DATA RECORDS:
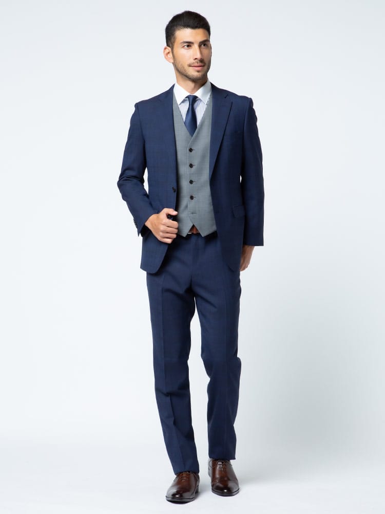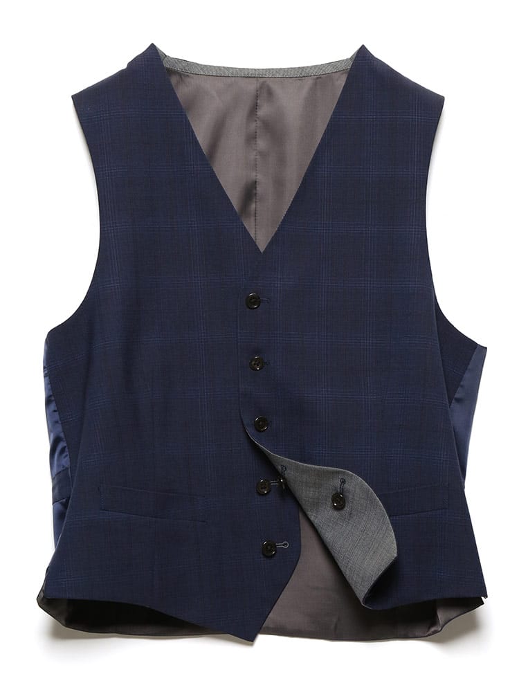 仕様 :ジャケット外側ポケット数×3つ / 内側ポケット数×2つ / シングル2つボタン / 背抜き / セッパタイプ / 額縁あり / センターベント / ベスト外側ポケット×2つ / リバーシブルベスト / パンツ外側ポケット数×4つ / ジップフライ / ノータック / ツーパンツ
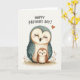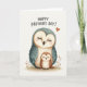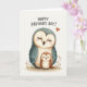 This Mother's Day card features two stylized owls nestled close together, with the larger one in soft teal-blue, creamy white, and warm brown tones gently wrapping its wings around a smaller owlet ❤️. Their eyes are closed and their cheeks carry a light pink blush, creating a tender, cozy moment that feels like a quiet hug. The feathery texture looks like soft watercolor washes, with subtle shading that makes the pair seem plush and calm. A few simple sprigs of foliage in muted green and light brown sit near the bottom, giving the scene a small touch of nature without crowding it. Centered above the owls, the text “HAPPY MOTHER’S DAY!” appears in a friendly, casual handwritten style in dark gray. A small heart icon in a russet tone floats near the upper right, adding a gentle romantic note 🌼. The background stays mostly pale and open, keeping attention on the close embrace and the soft color transitions in their feathers. The larger owl’s teal head fades into cream along the chest while the smaller owlet rests against it, framed by the sparse leaves below and the heart near the top right.
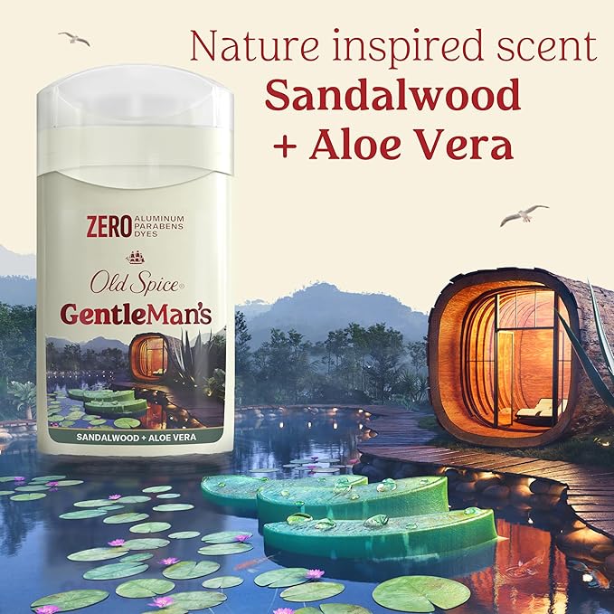 Old Spice GentleMan's Aluminum Free Dry Feel Deodorant for Men, 24/7 Lasting Freshness, Gentle on Skin with Skin Conditioners, Sandlewood + Aloe Scent, 3.0 oz
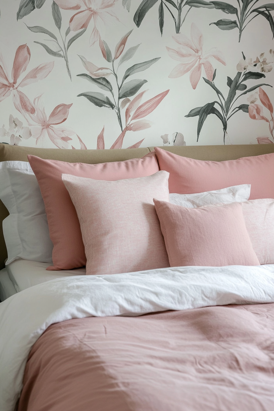For a bedroom, blush botanical wallpaper is ideal behind the bed or on the feature wall.
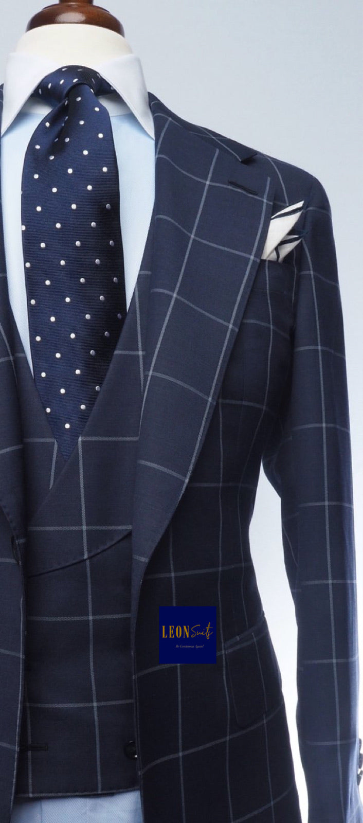 Premium Bespoke Navy w/ Windowpane 3-Piece Suit

HOW TO COMPLETE THIS TASK: Would you restate the records above word for word and exclude the pictures?

REPLY:
 仕様 :ジャケット外側ポケット数×3つ / 内側ポケット数×2つ / シングル2つボタン / 背抜き / セッパタイプ / 額縁あり / センターベント / ベスト外側ポケット×2つ / リバーシブルベスト / パンツ外側ポケット数×4つ / ジップフライ / ノータック / ツーパンツ
 This Mother's Day card features two stylized owls nestled close together, with the larger one in soft teal-blue, creamy white, and warm brown tones gently wrapping its wings around a smaller owlet ❤️. Their eyes are closed and their cheeks carry a light pink blush, creating a tender, cozy moment that feels like a quiet hug. The feathery texture looks like soft watercolor washes, with subtle shading that makes the pair seem plush and calm. A few simple sprigs of foliage in muted green and light brown sit near the bottom, giving the scene a small touch of nature without crowding it. Centered above the owls, the text “HAPPY MOTHER’S DAY!” appears in a friendly, casual handwritten style in dark gray. A small heart icon in a russet tone floats near the upper right, adding a gentle romantic note 🌼. The background stays mostly pale and open, keeping attention on the close embrace and the soft color transitions in their feathers. The larger owl’s teal head fades into cream along the chest while the smaller owlet rests against it, framed by the sparse leaves below and the heart near the top right.
 Old Spice GentleMan's Aluminum Free Dry Feel Deodorant for Men, 24/7 Lasting Freshness, Gentle on Skin with Skin Conditioners, Sandlewood + Aloe Scent, 3.0 oz
For a bedroom, blush botanical wallpaper is ideal behind the bed or on the feature wall.
 Premium Bespoke Navy w/ Windowpane 3-Piece Suit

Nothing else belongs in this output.